United States v. Union Pacific Ry. Co., 148 U.S. 562 (1893)

United States v. Union Pacific Railway Company

No. 149

Argued March 20-21, 1893

Decided April 10, 1893

148 U.S. 562

Syllabus

The right conferred by the Act of July 1, 1862, 12 Stat. 489, c. 120, as subsequently amended, upon the corporation afterwards known as the Union Pacific Railway Company, Eastern Division, to construct its road substantially in a direct line to Denver, and from thence northerly, to connect with the Union Pacific Railroad at Cheyenne, and to acquire a grant of public lands thereby upon each side of its railroad as constructed, was not affected by the Act of March 3, 1869, 15 Stat. 324, c. 127, in such a way as to make the Union Pacific, Eastern Division, terminate at Denver and chanrobles.com-red

Page 148 U. S. 563

to cause its land grants to terminate there, but, on the contrary, the act of 1862, being a grant in praesenti, the company's right to lands upon each side of its road became fixed from the moment it proceeded, under the act of 1866, to establish its line of definite location so as to make the same extend from Kansas City westwardly to Denver and thence northwardly to Cheyenne, and the act of 1869 is not to be construed as breaking the continuity of the line.
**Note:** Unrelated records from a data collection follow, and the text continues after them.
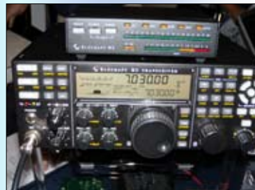
Elecraft W2 wattmeter

Elecraft introduced a new wattmeter, the W2. This unit operates with up to two remote sensors, available optimized for HF through 54 MHz at 200 and 2000 W levels or for 144 to 450 MHz at 200 W maximum. The W2 is available fully assembled, or as a no-soldering semi-kit. It provides power and SWR readings including peak or peak hold measurements. Control features are provided to allow disabling an amplifier, for example, if normal measurements are exceeded.
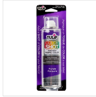
ColorShot Purple (33604)
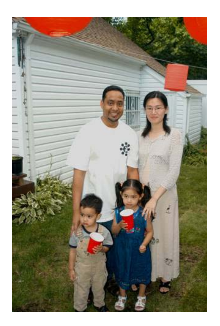
"The Bacchus Family"
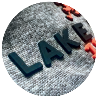
MOLDED APPLIQUE (SEPARATED ELEMENTS)

Silicone Emblems and Transfers are one of the most trending design techniques of the decade. These 3D, flexible, smooth emblems are durable in harsh conditions and never fade over time. The variety of silicone techniques shown below make silicone emblems a modern and unique addition to apparel, bags, shoes, promotional swag and more!
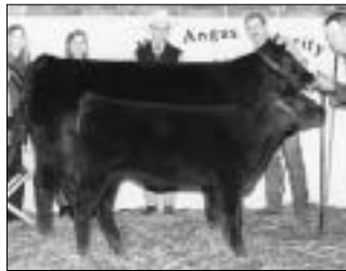
► Grand champion female, SydGen Forever Lady 1335 , by Sydenstricker Genetics, Mexico. She's a Sept. 2001 daughter of PAPA Durabull 9805.
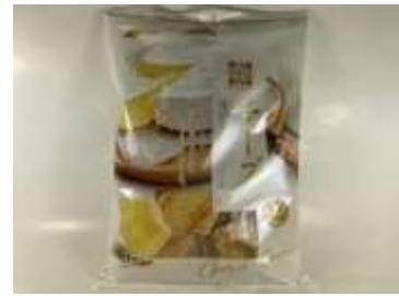
H186 8.2 OZ x 9 @千層蛋糕-起司口味 MARUKIN BAUM CAKE - CHEESE FLAVOR
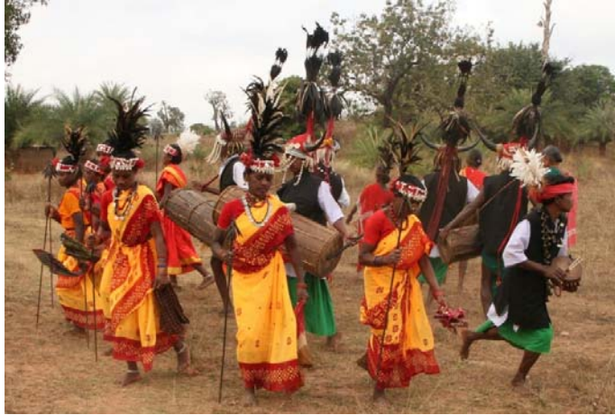
Fig 2: A dance of the Bison-Horn Maria Gonds of Chhattisgarh. The men wear horned head-dresses with plumes while the women hold the dancing sticks.

We can, therefore, conjecture that the two warriors spearing each other on this Kalibangan seal are performing the Saila dance with spears during the Dussehra festival, while the woman dressed up as a tiger symbolizes the tiger-riding goddess Danteshwari. Interestingly, she is wearing a horned head-dress with a leafy branch in the center, which is still worn by the Bison-Horn Maria Gonds of Chhattisgarh during their dances.
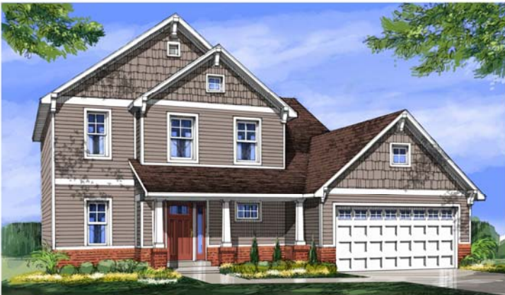
CRAFTSMAN ELEVATION D
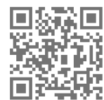
Scan to Give

An offering is collected to support the work of Chamblee Methodist, sharing God's love with the world. Whether you are a church member, a regular worshiper, or an active participant in one of our ministries, your gifts are valued and appreciated. For those who prefer to contribute electronically, you may text the word CHAMBLEE to 73256 using your mobile device OR give securely any time at chambleeumc.org/give
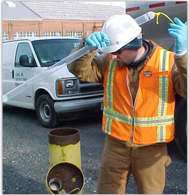
Groundwater sampling is a key element of our site-wide Environmental Monitoring Program.

The data are then compiled and evaluated in an annual report that is submitted to the New Jersey Department of Environmental Protection and the U.S. Environmental Protection Agency. All annual EMP reports are available at our Public Information Center. In addition, the most recent report is available online at www.fusrapmaywood.com (see page 4). Just click on What's New on the homepage.
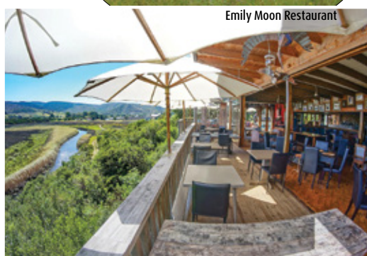
Emily Moon Restaurant
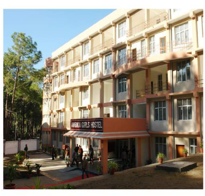
AMBIKA GIRLS HOSTEL
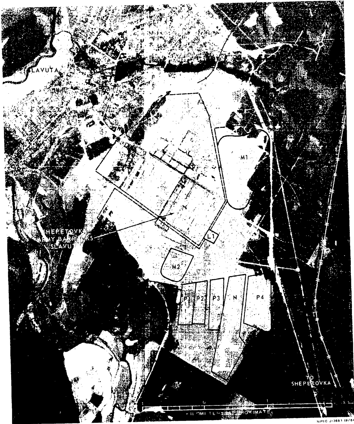
FIGURE 2. MILITARY TRAINING AREA, SLAVUTA, USSR, JUNE 1963.
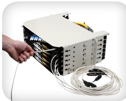
The Rapid fiber panel, with its innovative RapidReel fiber cable spool, greatly accelerates fiber installation.

Incorporating the intermediate distribution panel and the micro cable into a single product using the RapidReel™ fiber cable spool, allows installers to pull out just the length of cable required and leave any slack stored on the internal spool. The RapidReel fiber cable spool enables the panel to be ordered in 100' increments up to 1,000' dramatically simplifying product selection and ordering.
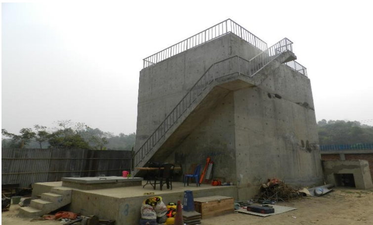
Completed Construction of Surge Tank2
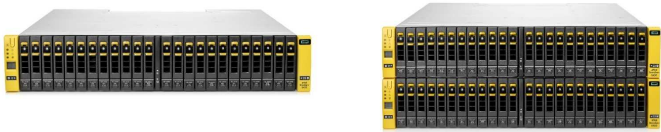
HPE 3PAR StoreServ 8000 SFF(2.5in) SAS Drive Enclosure HPE 3PAR StoreServ 8000 LFF(3.5in) SAS Drive Enclosure
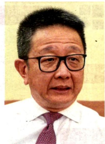
Teng urges registered businesses to take advantage of the state government's initiative.

Teng also said the state government remained committed to the digitalisation agenda in assisting
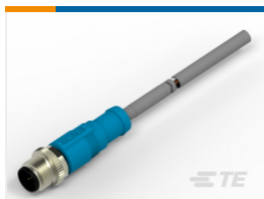
TE Part # 1SET312859R0000 M12-MS-5P-PUR-3.0

If there were any doubt with regard to the interpretation of the act of 1869, the construction placed upon it by the Land Department for eighteen years, under which lands have been put upon the market and sold, would be entitled to considerable weight.
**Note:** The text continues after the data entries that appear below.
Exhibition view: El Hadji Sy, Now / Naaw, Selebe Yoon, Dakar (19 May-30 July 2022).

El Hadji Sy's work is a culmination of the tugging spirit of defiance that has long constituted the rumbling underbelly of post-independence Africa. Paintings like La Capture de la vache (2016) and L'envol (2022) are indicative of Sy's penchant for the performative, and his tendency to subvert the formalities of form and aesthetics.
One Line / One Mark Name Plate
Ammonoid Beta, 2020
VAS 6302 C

This case arose upon demurrers and a plea to a bill in equity filed by the United States against the Union Pacific Railway Company and 173 other corporations and individuals to procure the surrender and cancellation of certain land patents issued to the Kansas Pacific Railway and the Denver Pacific Railway and Telegraph Company, and for a decree declaring all conveyances of such lands clouds upon the title of the United States.

The bill averred, in substance, that by an Act of Congress of July 1, 1862, 12 Stat. 489, incorporating the Union Pacific Railroad Company, such company was authorized to construct a road from a point on the one hundredth meridian of longitude, between the south margin of the valley of the Republican River and the north margin of the valley of the Platte River, in the Territory of Nebraska, to the western boundary of Nevada, and was granted every odd-numbered section of land, amounting to five alternate sections of land per mile, afterwards extended to ten sections by the Act of July 2, 1864, 13 Stat. 356, on each side of said railroad, on the line thereof, and within the limits of ten miles (subsequently increased to twenty) on each side of the road, and that whenever the company should have completed forty consecutive miles of its road (afterwards reduced to twenty by the same act of 1864) patents should issue for such public lands as had been granted to it, and had been earned in accordance with the provisions of the act.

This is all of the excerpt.